▶ [Exercise directions]: With the pictures left out, write out the records verbatim.

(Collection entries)

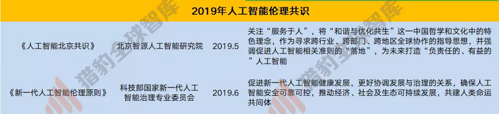 对人工智能伦理的关注并不属于政策层,但与引导行业发展有关。2019年,两个有政府背景的机构分别发布《人工智能北京共识》(北京智源人工智能研究院)和《新一代人工智能伦理原则》(国家新一代人工智能治理专业委员会),聚焦人工智能健康发展相关准则,确保其安全可靠可控。
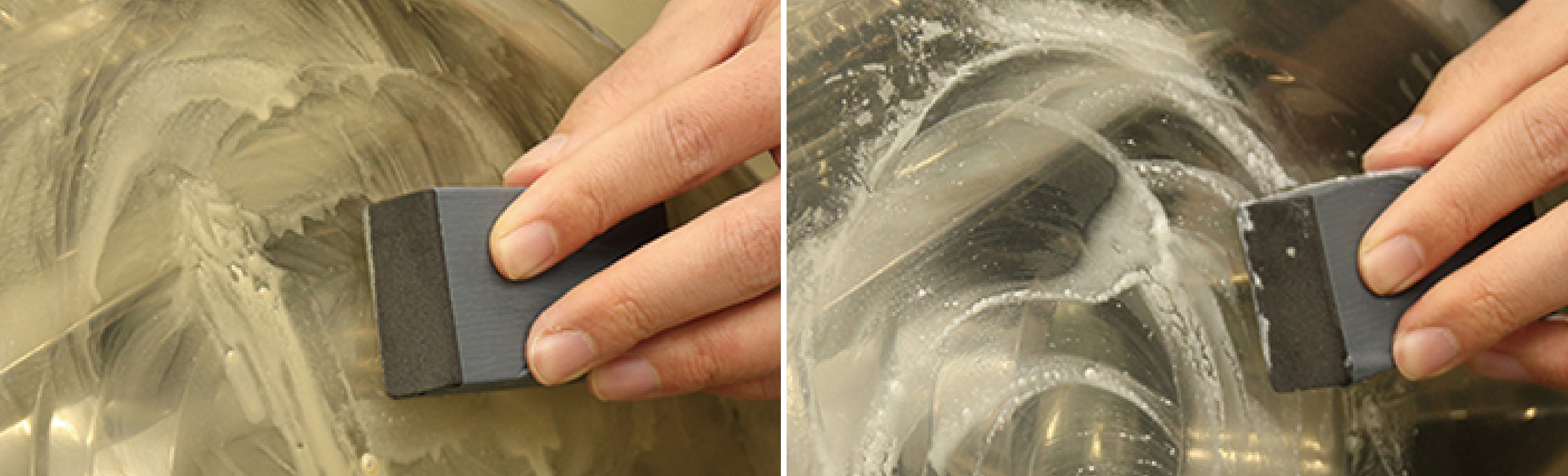 本製品(下)では、深い傷をつけずに研磨しています。
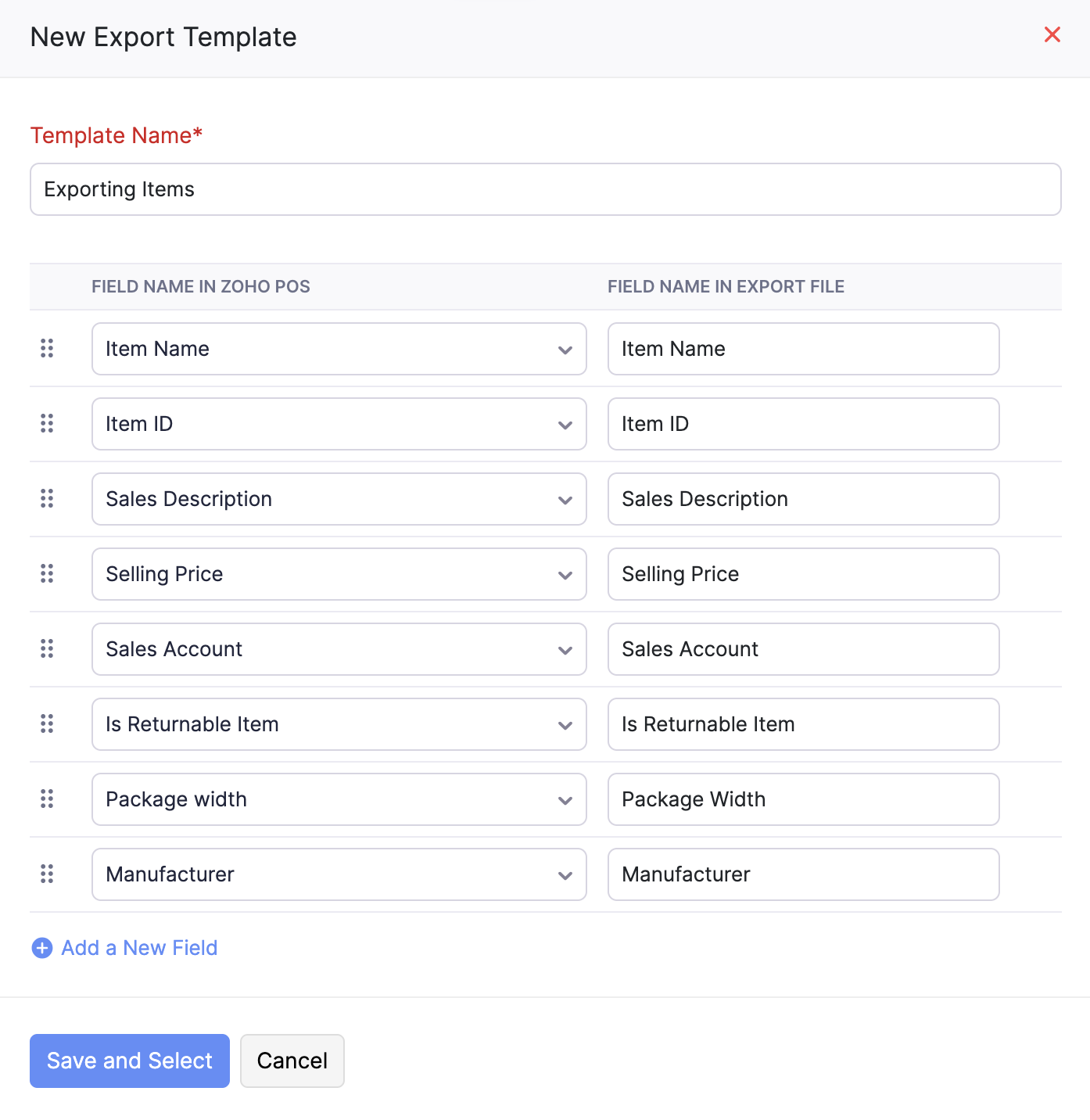 Click Add a New Field and select a field from Zoho POS.You can modify the Field Name in Export File if required.
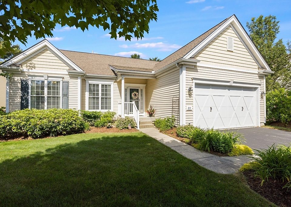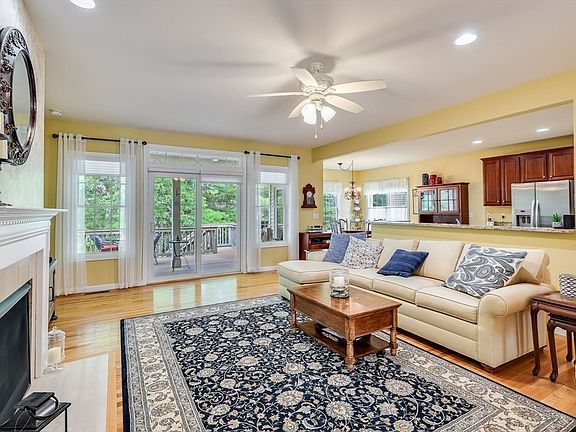 ONE OF A KIND ON CLAM PUDDING POND! Wooded and pond views and access to the pond. Enjoy the sunsets hitting the water with nature all around. Highly sought after "Adler" model home at Great Island, a 55+ community in The Pinehills. Hardwood flooring and open floor plan of dining room, living room and large eat-in kitchen. Slider door access to covered and extended open deck from the kitchen eat-in dining area /sunroom and fireplaced living room. Large kitchen with cherry cabinetry, granite counters, stainless steel appliances, pantry and eat-in area. Dining room with wainscoting, crown molding and hardwood flooring. Primary suite, guest bed and bath, and office with French doors on first level. Great location in a quiet neighborhood. Close to Overlook Clubhouse with indoor pool, jacuzzi, fitness center, outdoor bocce and pickle ball and more amenities to enjoy.
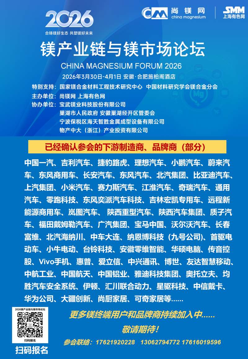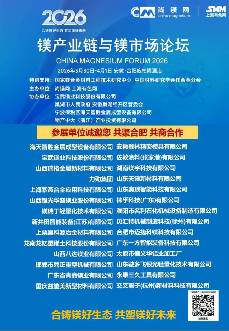 2026年的镁行业,正站在供需改善、需求爆发、政策加持的关键拐点,一场属于镁合金的春天正在到来。春光不等人,商机不重来。当下正是布局镁产业链、锁定订单、拓展渠道、升级技术的黄金窗口期。值此时刻,"2026镁产业链与镁市场论坛"将于3月30日-4月1日在合肥市盛大启幕。论坛由国家镁合金材料工程技术研究中心、中国材料研究学会镁合金分会特别支持,尚镁网、上海有色网联合主办,宝武镁业科技股份有限公司、巢湖市人民政府、安徽巢湖经开区管委会、宁波保税区海天智胜金属成型设备有限公司、物产中大(浙江)产业投资有限公司等单位协办,得到了镁产业链众多骨干企业的支持和参与。这将是本论坛连续第四年举行。
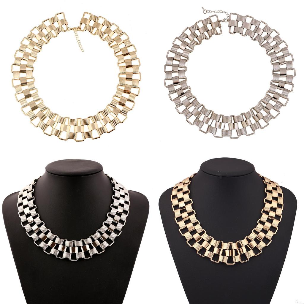 Это геометрическое металлическое колье-чокер имеет гладкую конструкцию из сплава с гальваническим покрытием в серебристых и золотистых тонах. Оно предлагает универсальную носку как для мужчин, так и для женщин.. Идеально подходит для повседневных прогулок, сувениров из путешествий или подарков сотрудникам, для ухода требуется протирание влажной тканью.
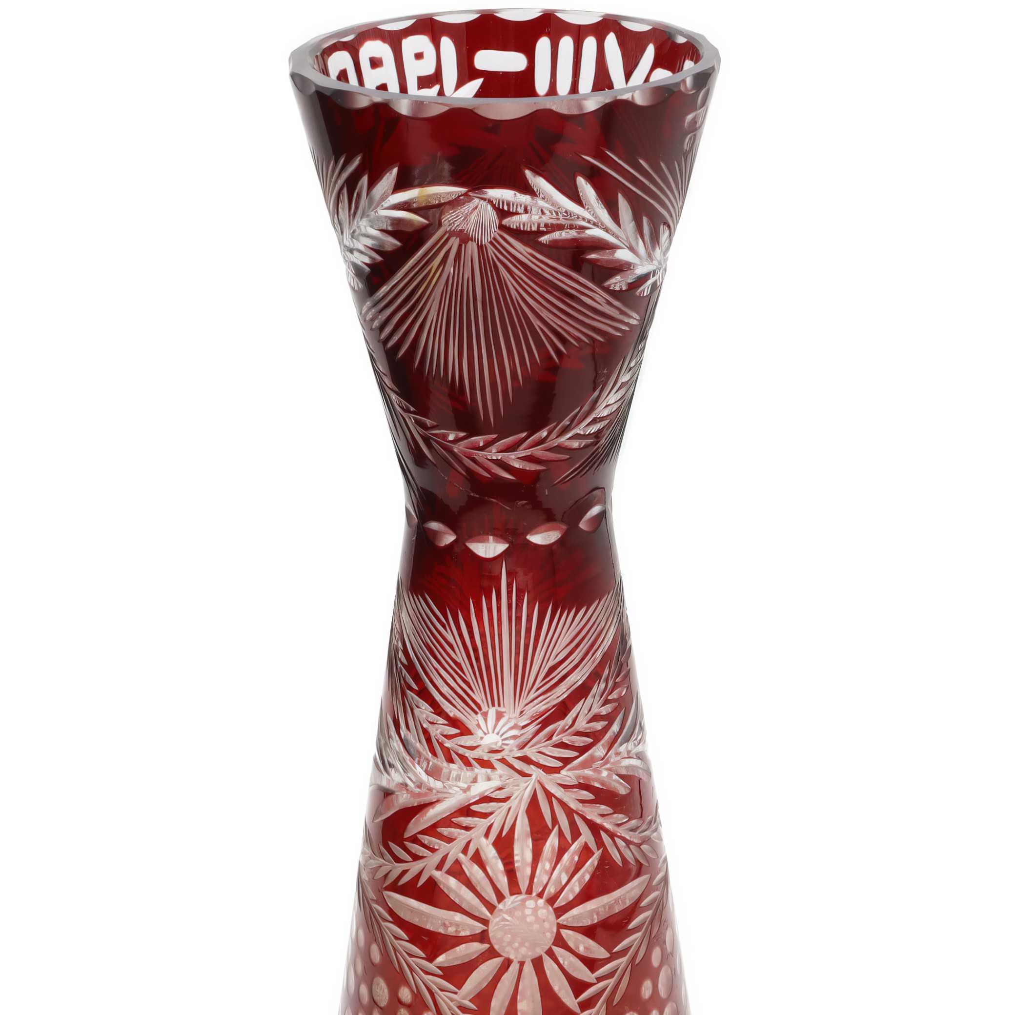 Bohemia glass, especially red, is renowned for its quality and craftsmanship. Originating from the Bohemia region (in what is now the Czech Republic), this type of glass has been historically prized for its beauty and durability. The tradition of Bohemian glassmaking dates back centuries, with artisans known for their skillful techniques in glass cutting and engraving. By 1980, the Bohemia glass industry had long established itself as a leader in the world of glassware, combining age-old techniques with contemporary designs.

▶ [Solution for this problem]:
 对人工智能伦理的关注并不属于政策层,但与引导行业发展有关。2019年,两个有政府背景的机构分别发布《人工智能北京共识》(北京智源人工智能研究院)和《新一代人工智能伦理原则》(国家新一代人工智能治理专业委员会),聚焦人工智能健康发展相关准则,确保其安全可靠可控。
 本製品(下)では、深い傷をつけずに研磨しています。
 Click Add a New Field and select a field from Zoho POS.You can modify the Field Name in Export File if required.
 ONE OF A KIND ON CLAM PUDDING POND! Wooded and pond views and access to the pond. Enjoy the sunsets hitting the water with nature all around. Highly sought after "Adler" model home at Great Island, a 55+ community in The Pinehills. Hardwood flooring and open floor plan of dining room, living room and large eat-in kitchen. Slider door access to covered and extended open deck from the kitchen eat-in dining area /sunroom and fireplaced living room. Large kitchen with cherry cabinetry, granite counters, stainless steel appliances, pantry and eat-in area. Dining room with wainscoting, crown molding and hardwood flooring. Primary suite, guest bed and bath, and office with French doors on first level. Great location in a quiet neighborhood. Close to Overlook Clubhouse with indoor pool, jacuzzi, fitness center, outdoor bocce and pickle ball and more amenities to enjoy.
 2026年的镁行业,正站在供需改善、需求爆发、政策加持的关键拐点,一场属于镁合金的春天正在到来。春光不等人,商机不重来。当下正是布局镁产业链、锁定订单、拓展渠道、升级技术的黄金窗口期。值此时刻,"2026镁产业链与镁市场论坛"将于3月30日-4月1日在合肥市盛大启幕。论坛由国家镁合金材料工程技术研究中心、中国材料研究学会镁合金分会特别支持,尚镁网、上海有色网联合主办,宝武镁业科技股份有限公司、巢湖市人民政府、安徽巢湖经开区管委会、宁波保税区海天智胜金属成型设备有限公司、物产中大(浙江)产业投资有限公司等单位协办,得到了镁产业链众多骨干企业的支持和参与。这将是本论坛连续第四年举行。
 Это геометрическое металлическое колье-чокер имеет гладкую конструкцию из сплава с гальваническим покрытием в серебристых и золотистых тонах. Оно предлагает универсальную носку как для мужчин, так и для женщин.. Идеально подходит для повседневных прогулок, сувениров из путешествий или подарков сотрудникам, для ухода требуется протирание влажной тканью.
 Bohemia glass, especially red, is renowned for its quality and craftsmanship. Originating from the Bohemia region (in what is now the Czech Republic), this type of glass has been historically prized for its beauty and durability. The tradition of Bohemian glassmaking dates back centuries, with artisans known for their skillful techniques in glass cutting and engraving. By 1980, the Bohemia glass industry had long established itself as a leader in the world of glassware, combining age-old techniques with contemporary designs.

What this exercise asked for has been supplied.